═══ Supplied data

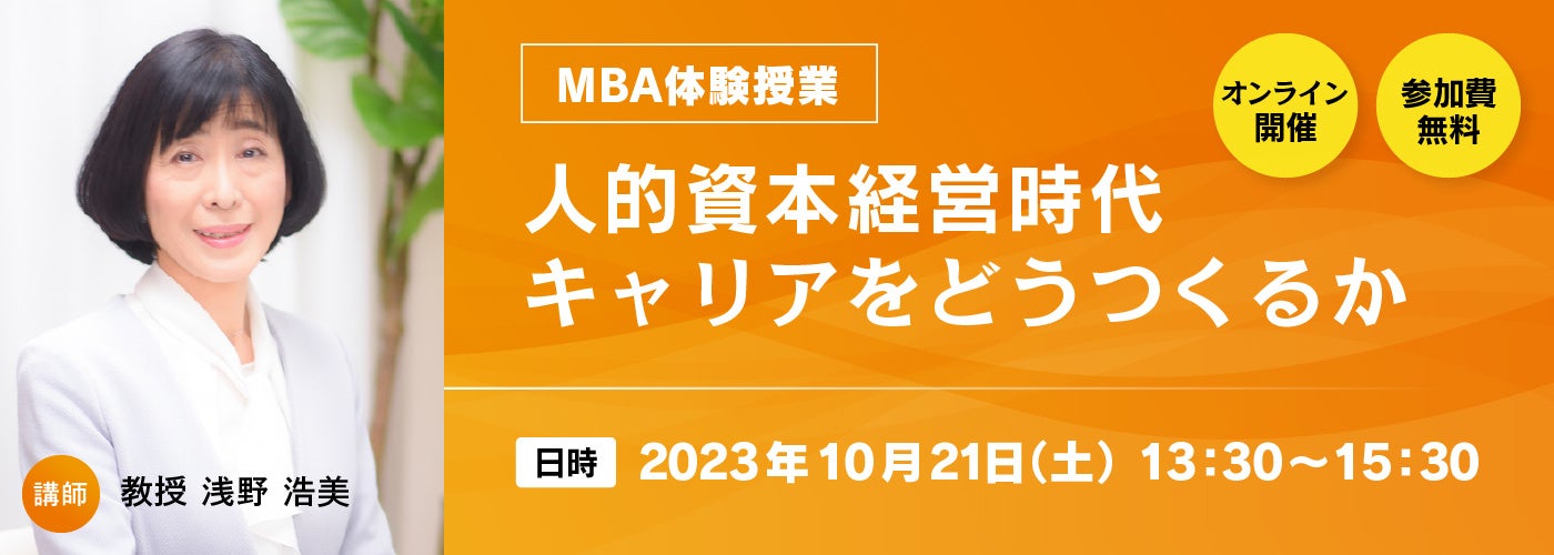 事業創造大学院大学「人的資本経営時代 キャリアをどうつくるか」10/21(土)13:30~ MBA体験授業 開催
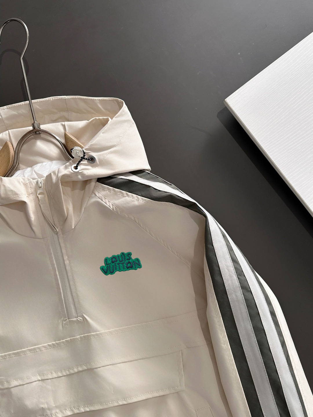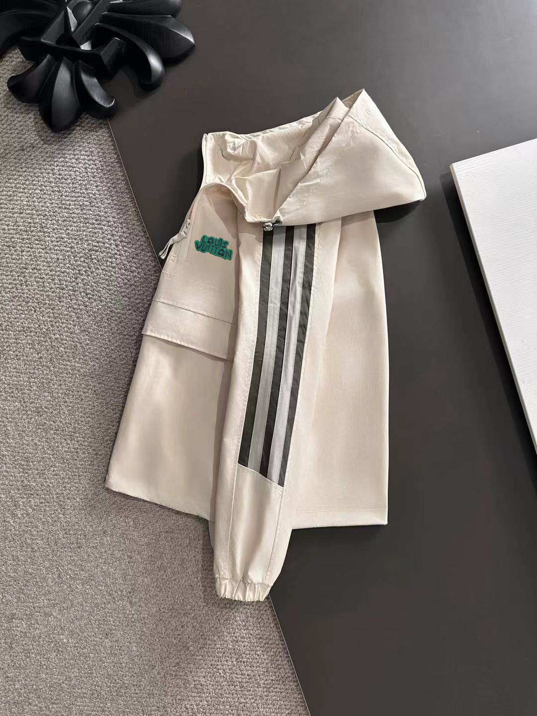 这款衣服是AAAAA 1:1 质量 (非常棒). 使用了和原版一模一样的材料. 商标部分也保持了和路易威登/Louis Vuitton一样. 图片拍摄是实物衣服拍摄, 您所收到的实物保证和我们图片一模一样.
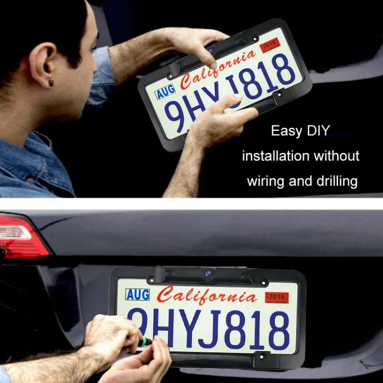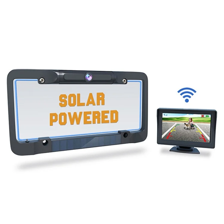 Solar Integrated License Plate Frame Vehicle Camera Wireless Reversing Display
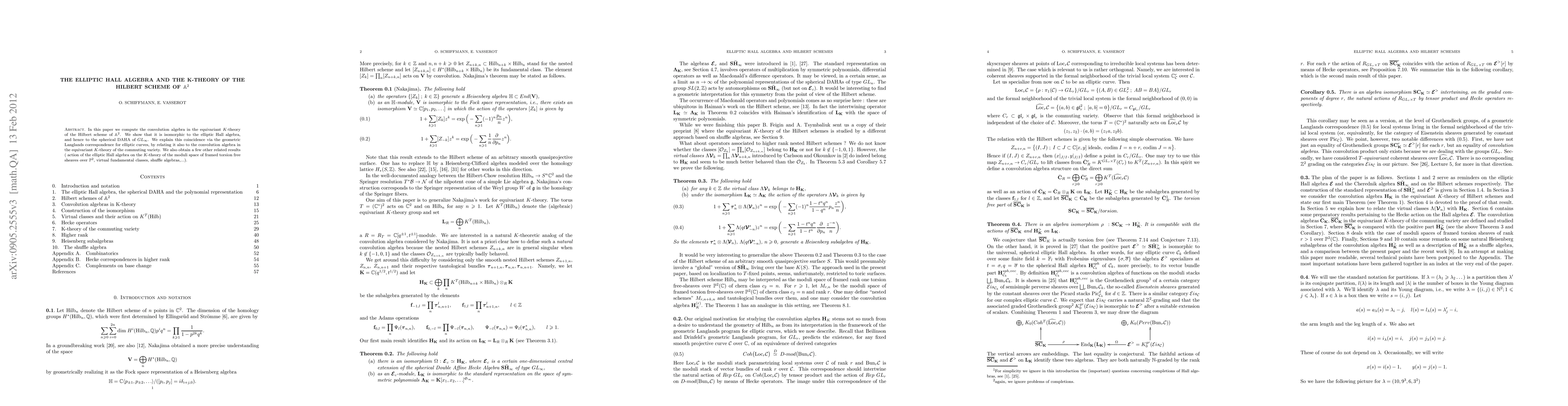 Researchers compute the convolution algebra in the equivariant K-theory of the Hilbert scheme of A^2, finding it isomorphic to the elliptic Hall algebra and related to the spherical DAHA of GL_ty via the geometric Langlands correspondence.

══════
═══ Supplied data

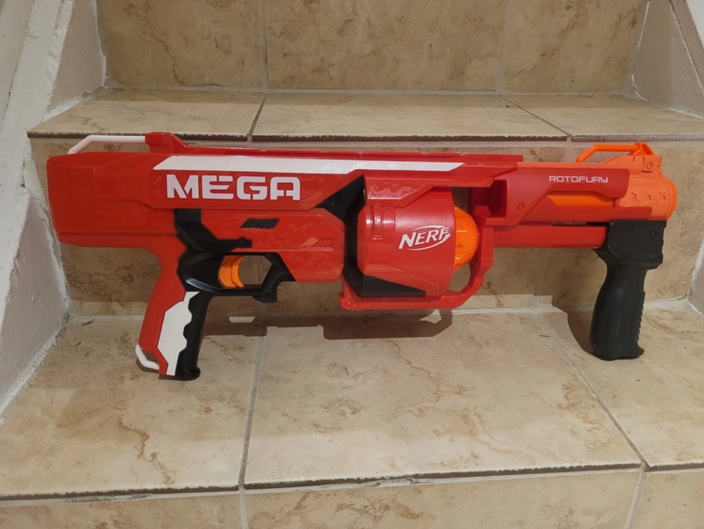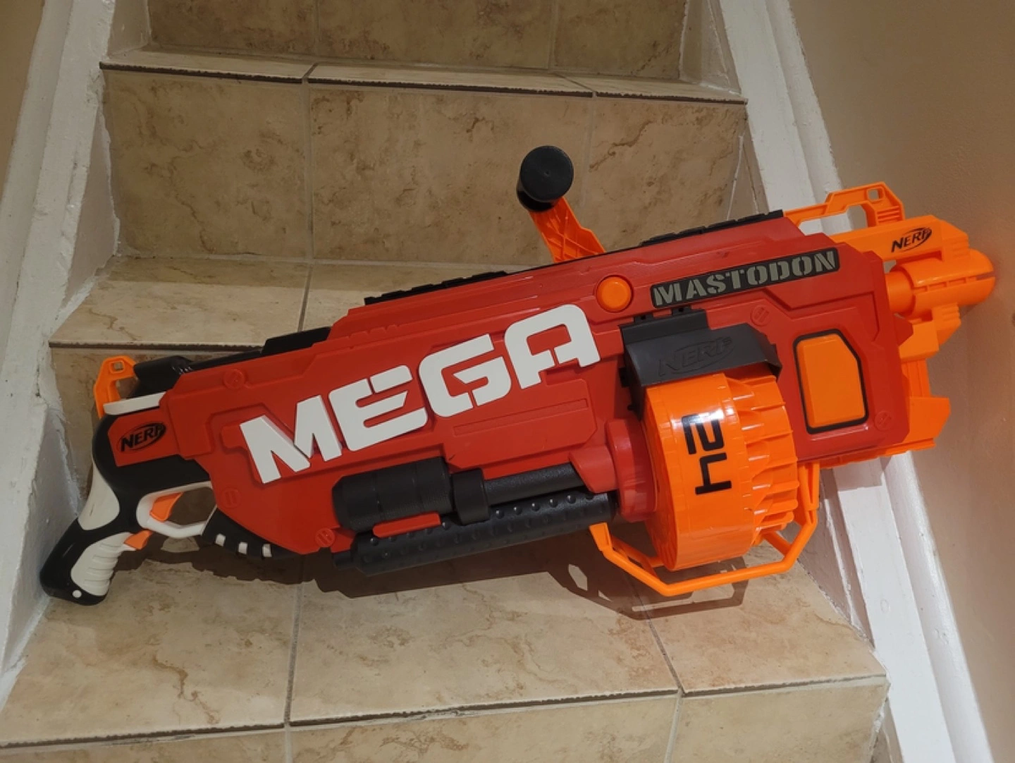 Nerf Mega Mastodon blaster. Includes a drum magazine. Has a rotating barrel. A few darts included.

══════

### Work request
In the records above, everything from the line with "事業創造大学院大学「人的資本経営時代 キャリアをどうつくるか」10/21(土)13:30~ MBA体験授業" down to the line with "Researchers compute the" must be duplicated exactly, both lines kept. Leave no pictures in.

### Output below
 事業創造大学院大学「人的資本経営時代 キャリアをどうつくるか」10/21(土)13:30~ MBA体験授業 開催
 这款衣服是AAAAA 1:1 质量 (非常棒). 使用了和原版一模一样的材料. 商标部分也保持了和路易威登/Louis Vuitton一样. 图片拍摄是实物衣服拍摄, 您所收到的实物保证和我们图片一模一样.
 Solar Integrated License Plate Frame Vehicle Camera Wireless Reversing Display
 Researchers compute the convolution algebra in the equivariant K-theory of the Hilbert scheme of A^2, finding it isomorphic to the elliptic Hall algebra and related to the spherical DAHA of GL_ty via the geometric Langlands correspondence.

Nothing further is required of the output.